Most state traffic laws follow the Uniform Vehicle Code (UVC), published by the National Commission on Traffic Laws and Ordinances. The UVC establishes the generally accepted principle of traffic law that an emergency vehicle may disregard most traffic regulations when responding to an emergency, provided that it is operating both its emergency lights and siren. An emergency vehicle may proceed past a red stop signal or stop sign, exceed speed limits, and disregard one-way street and turn restrictions. But, in granting these special privileges to emergency vehicles, the code states, "The exemptions herein granted to an authorized emergency vehicle shall apply only when such vehicle is making use of an audible signal … and visual signals."
Further, the model law requires that the siren is to be used only when responding to an emergency, or in immediate pursuit of a criminal. However, this section contains an additional critical provision: "… the driver of the vehicle shall sound the siren when reasonably necessary to warn pedestrians and other drivers of the approach of the vehicle." In other words, it is incumbent upon the emergency vehicle operator to make enough noise to warn others of his or her approach. The New Jersey drivers that I saw were not doing this.

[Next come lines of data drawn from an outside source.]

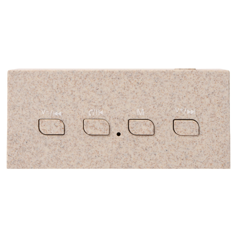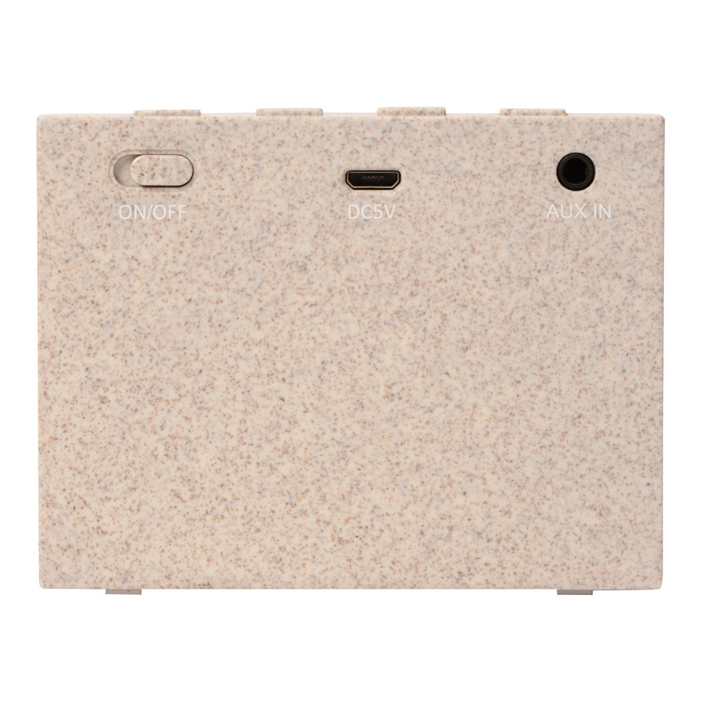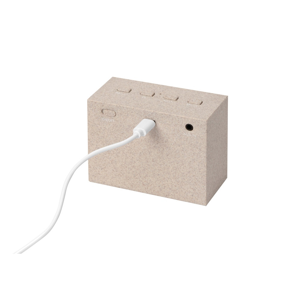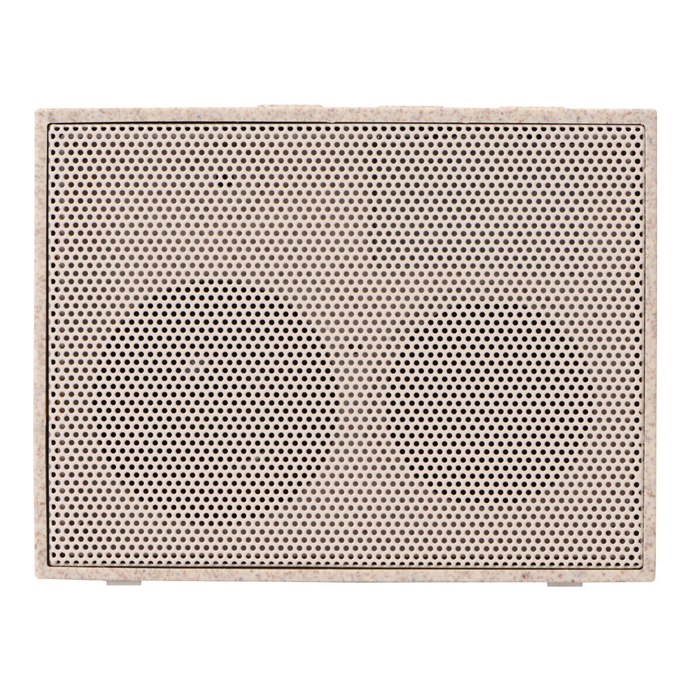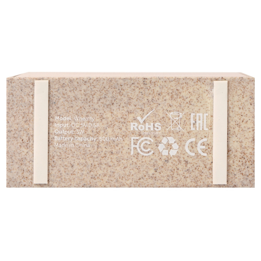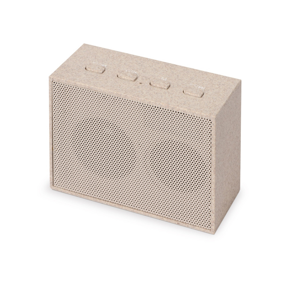 Беспроводная колонка Wheatty на 35% состоит из переработанной пшеничной соломы, что является положительным примером сокращения производства и потребления пластика в мире. Воспроизводит музыку в течение 3-х часов. Мощность 3 Вт. В колонке предусмотрены кнопки управления и линейный вход (AUX). Компактная колонка с быстрым подключением (Bluetooth 5.0). Поставляется в крафт упаковке из переработанной бумаги.
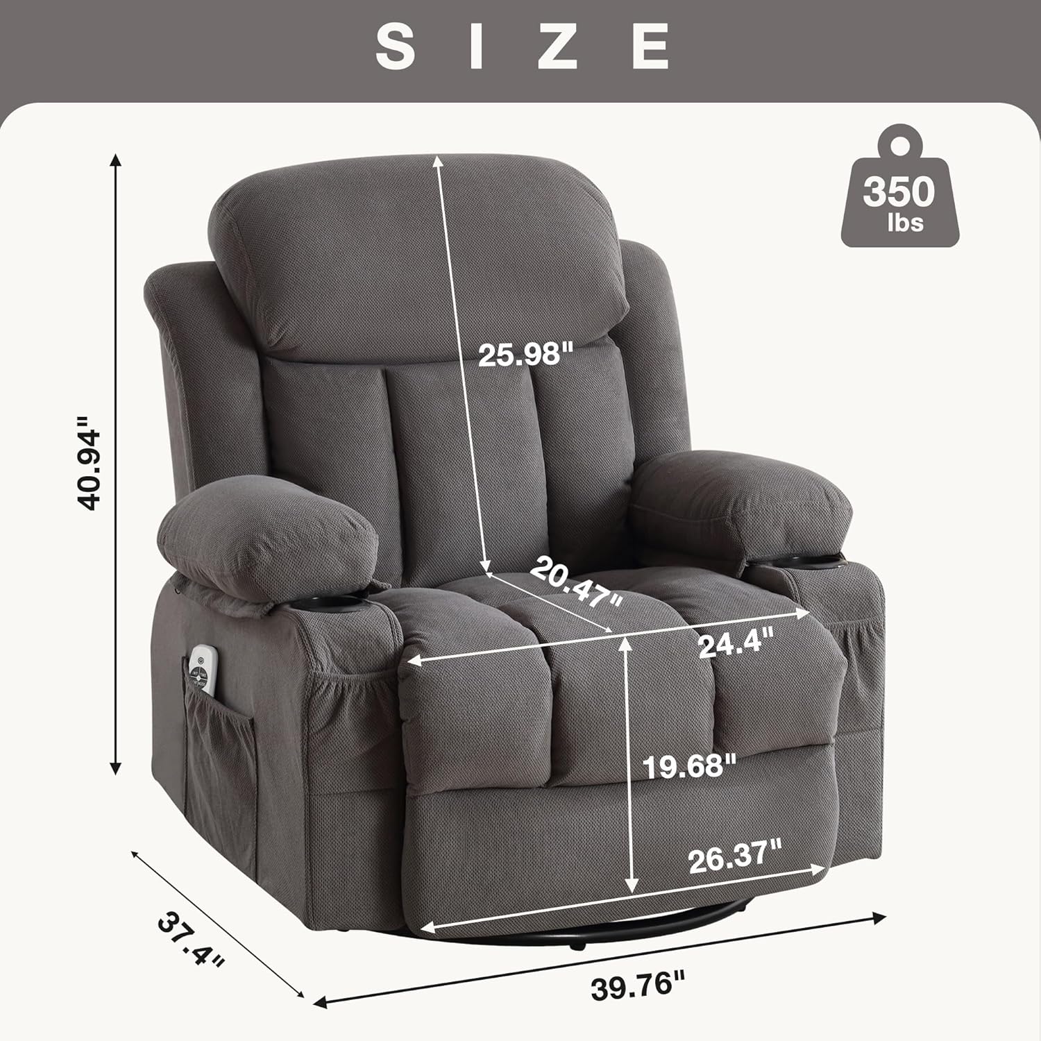 Massage & Lumbar Heat: The power recliner with 4 massage points (back, waist, thighs, legs), with 3 adjustable modes and 3 intensity options and 3 massage duration, to be able to choose the desired massage area, intensity, mode and time according to demand, to eliminate body fatigue. There is also a heating function in the recliner lumbar position, which can promote blood circulation and relax the whole body
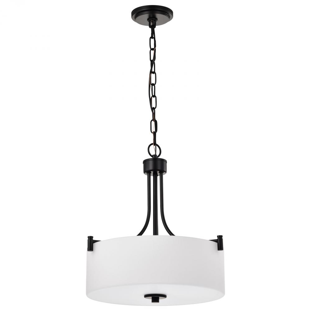 Seamlessly blending transitional design with contemporary accents, the Liam 60-8214 three light pendant exudes understated elegance. A sophisticated matte black finish, perfectly complements the soft glow of white opal glass. With its broad appeal and vers

There is a final element of the model law that overrides all the other provisions related to emergency vehicle operations. And, it is so important that it is repeated twice. The special provisions granted to emergency vehicles, "shall not relieve the driver of an authorized emergency vehicle from the duty to drive with due regard for the safety of all persons using the highway." Further, they shall not "protect the driver from the consequences of the driver's reckless disregard for the safety of others."
Every driver has a duty to drive with due regard for the safety of others who are using the highway. This is the basic principle upon which our civil traffic liability system is grounded. And this rule applies to emergency vehicle operators, regardless of any other particular privileges that they might have.
While New Jersey law incorporates some of the UVC language, it takes a different approach to regulating emergency vehicle operations. It does not grant specific privileges or impose specific obligations upon emergency vehicle operators. Instead of a requirement that emergency vehicle drivers use their sirens, New Jersey law merely limits siren use to emergency responses.
New Jersey places responsibility upon drivers of other vehicles by requiring them to yield the right of way to an emergency vehicle. But this responsibility arises only when an audible signal is sounded: "The driver of a vehicle upon a highway shall yield the right of way to an authorized emergency vehicle when it is operated in response to an emergency call … and when an audible siren is sounded from the emergency vehicle."
Further, when approached by an "emergency vehicle giving audible signal," drivers must pull to the rightside curb, clear the intersection and stop until the emergency vehicle has passed.